San Diego, CA
Healing Hearts: San Diego Imam Guides the Muslim Community Through Grief
Imam Abdeljalil Mezgouri, a spiritual leader of the Islamic Center of San Diego in Clairemont, keeps no tissues in his office because he sees tears as an expression of mercy, encouraging people to cry openly and fully embrace their emotions without feeling the need to wipe them away or hide them.
The Moroccan-born cleric at the largest mosque in San Diego County has spent nearly 40 years counseling people through the complexities of grief, offering both theological guidance and emotional support.
In Islam, death is not seen as an end but rather as a transition to another stage of existence. The Quran, which Muslims believe is the final revelation from God, consistently reminds adherents of Islam that life on Earth is temporary. According to Mezgouri, this understanding can be a source of great comfort.
“When you were born, you came with an expiration date,” he said. “Nobody can add one minute to their life or take one away. But death is not the end of the journey; this life is our shortest chapter, and when we die, the soul splits from the body.”
Mezgouri explained how this belief removes the randomness often associated with loss and provides a framework in which grief can be understood not as a punishment but as part of divine decree. Islam teaches that the soul does not die but enters a different realm known as Al-Barzakh, a waiting period before resurrection and eternal life.
The imam emphasized that while death is inevitable, how one processes grief is crucial, distinguishing between sadness and anger.
“Sadness is natural and even the Prophet Muhammad, peace be upon him, cried when his son died.
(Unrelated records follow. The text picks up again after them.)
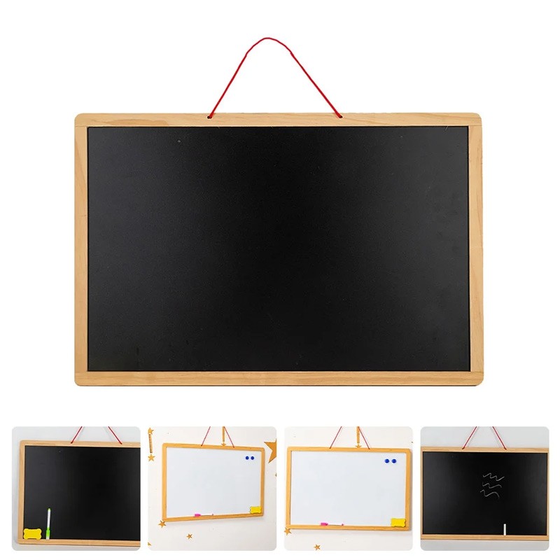 Double-Side Board Magnetic Board & Chalk Board Wood Fram SIze (40 x 30 ) cm
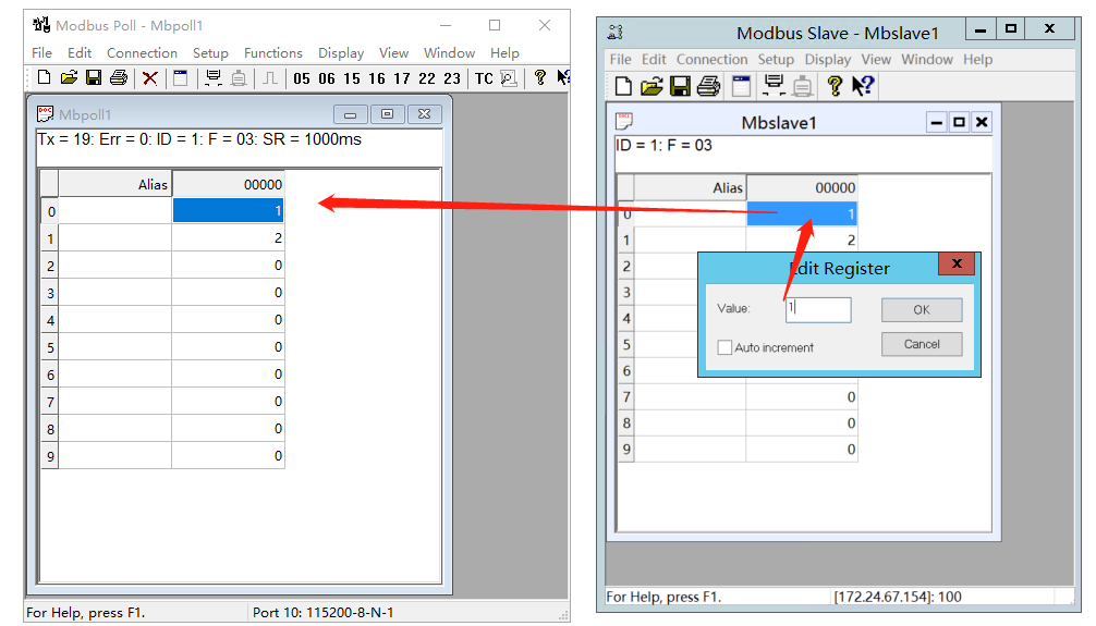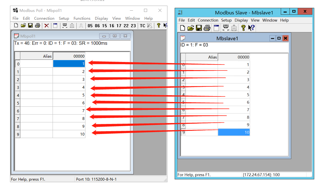 (1)改變MODBUS SLAVE寄存器地址里面的數(shù)據(jù),對(duì)應(yīng)寄存器地址的MODBUS POLL軟件可以正常讀取。
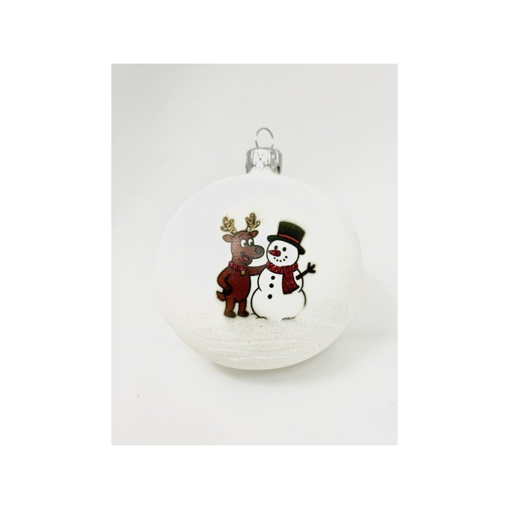 Ručne vyrábaná vianočná guľa s priemerom 8 cm s hravým motívom soba a snehuliaka. Dodávaná v luxusnej darčekovej krabičke, možnosť personalizácie vlastným textom.
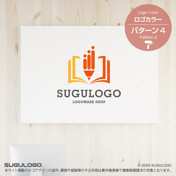 開かれた本の中央に鉛筆のシルエットを巧みに配置したロゴデザインです。知識の習得とそれを形にする創造性を象徴しており、学びを通じて新しい価値を生み出す組織にふさわしいシンボルマークとなっています。鉛筆の先端が上昇するグラフのような造形になっており、個人の成長や組織の発展を視覚的に強調しています。本をベースとした安定感のある構図は、情報の信頼性とプロフェッショナルな誠実さを同時に表現し、見る人に安心感と期待感を与えます。確かな知識を基盤に自らの手で未来を書き換え、社会に貢献しようとする姿勢は、組織の結束を深め、普遍的な価値を築きながら豊かな未来を切り拓く発展的なビジョンを示しています。【おすすめの業種】進学塾、スクール、編集プロダクション、コワーキングスペース、書道教室、IT教育
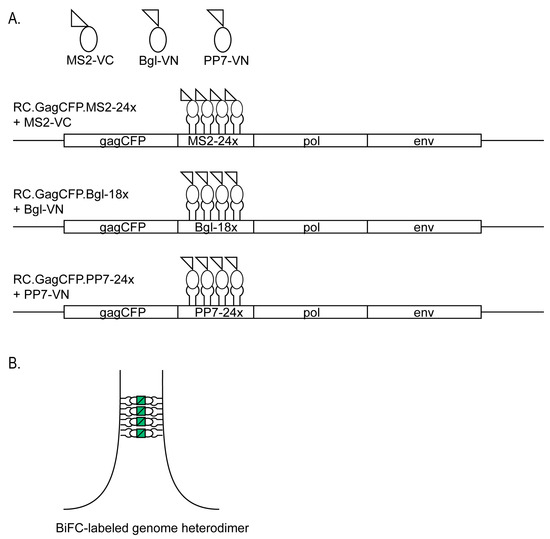 In this study, we used two different stem-loop aptamer systems combined with bimolecular fluorescence complementation (BiFC) to specifically visualize retroviral genome heterodimers within cells. We constructed plasmids to express the MCP fused to the N-terminal half of the Venus fluorophore (MS2-VN) paired with constructs expressing the C-terminal half of the Venus fluorophore fused to either Bgl binding protein (Bgl-VC) or PCP (PP7-VC). When two retroviral genomes containing distinct RNA aptamers bound to VN or VC are in close proximity, the Venus fluorophore will be reconstituted to generate fluorescence visible by microscopy [35,36,37,38,39]. Normally, fluorescently tagged MS2, Bgl, and PP7 proteins have diffuse signals in the cell unless bound to their respective RNA aptamers. With BiFC, there is less diffuse background signal because there will only be fluorescence when the proteins bind their target RNAs and the RNAs dimerize, reforming the Venus fluorophore. Using this approach, we demonstrated that BiFC-labeled genome dimers are visible as functional fluorescently labeled punctate foci that traffic through the cell and interact with viral Gag proteins. The BIFC labeling system for RNA labeling can be used in both fixed-cell imaging and live-cell imaging with minimal background fluorescence.
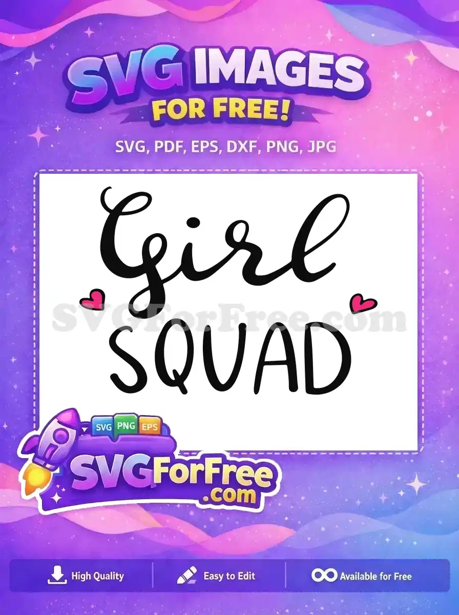 A trendy, complimentary vector of “Girl SQUAD” in a modern mix of script and sans-serif fonts with a heart.
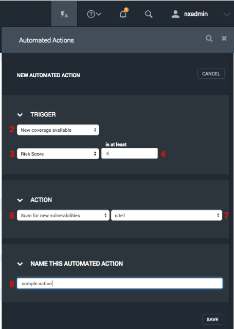 Let's configure an Automated Action that will initiate a scan when new coverage is available that meets to a certain criteria. In this example, we want to initiate a scan on a specific site when a new coverage which has a risk score of 4 or higher becomes available.
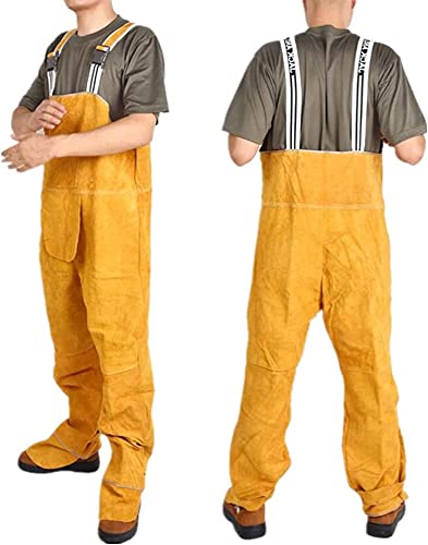 [Wpunwen] 耐久性 牛革作業服 オーバーオール 作業服 防護服 電気溶接防護服 オールインワン 全牛革溶接防護服 作業服ズボン 防護具 防炎防炎 やけど 対策 通気性 耐火性 耐熱性 男女兼用 (XL:168-176CM, イエロー)
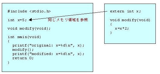 extern int x; // 大域変数 x の宣言
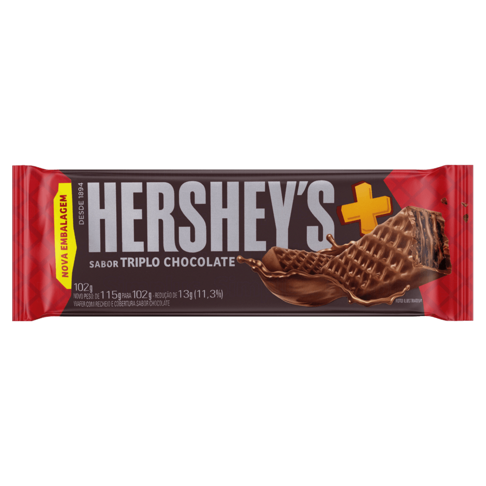 descrição de marketing: hershey's mais triplo chocolate é combinação de 3x chocolate! nesta versão o chocolate está em tudo: wafer, recheio e cobertura, pra quem ama mesmo chocolate hershey's!

But anger is discouraged as it questions God’s wisdom,” Mezgouri said.
Mourning from three days to months on end is encouraged, according to the imam, with family and community support playing a vital role.
Mezgouri said comforting the grieving involves being present and communicating with their heart, as healing takes time and the heart moves slower than the mind.
“If the mind moves at 100 miles an hour, the heart moves at 5 miles an hour,” he said.
The cleric frequently encounters people struggling with the weight of grief, often leading to anxiety or depression. He believes the root of much suffering lies in a misplaced focus on the past or future.
“Many people are stuck in the past, unable to move on or they live in fear of what the future holds. But life is in the moment,” Mezgouri said.
To help people cope, he emphasizes the Islamic concept of Qadr (predestination).
“God already knows what will happen and everything is according to his wisdom. Trusting in God’s plan brings peace,” Mezgouri said.
He critiques secular approaches to grief that rely solely on medication or behavioral therapy, arguing that without faith, healing remains incomplete.
“A pill can numb pain, but it doesn’t address the root cause,” he said. “True healing comes when the heart accepts God’s decree.”
A great strength of the Muslim approach to grief is the support provided by the community, according to Mezgouri. The Islamic tradition encourages family and friends to rally around those who have lost a loved one. Condolence visits, prayer gatherings and acts of charity in the name of the deceased are ways in which the community offers comfort.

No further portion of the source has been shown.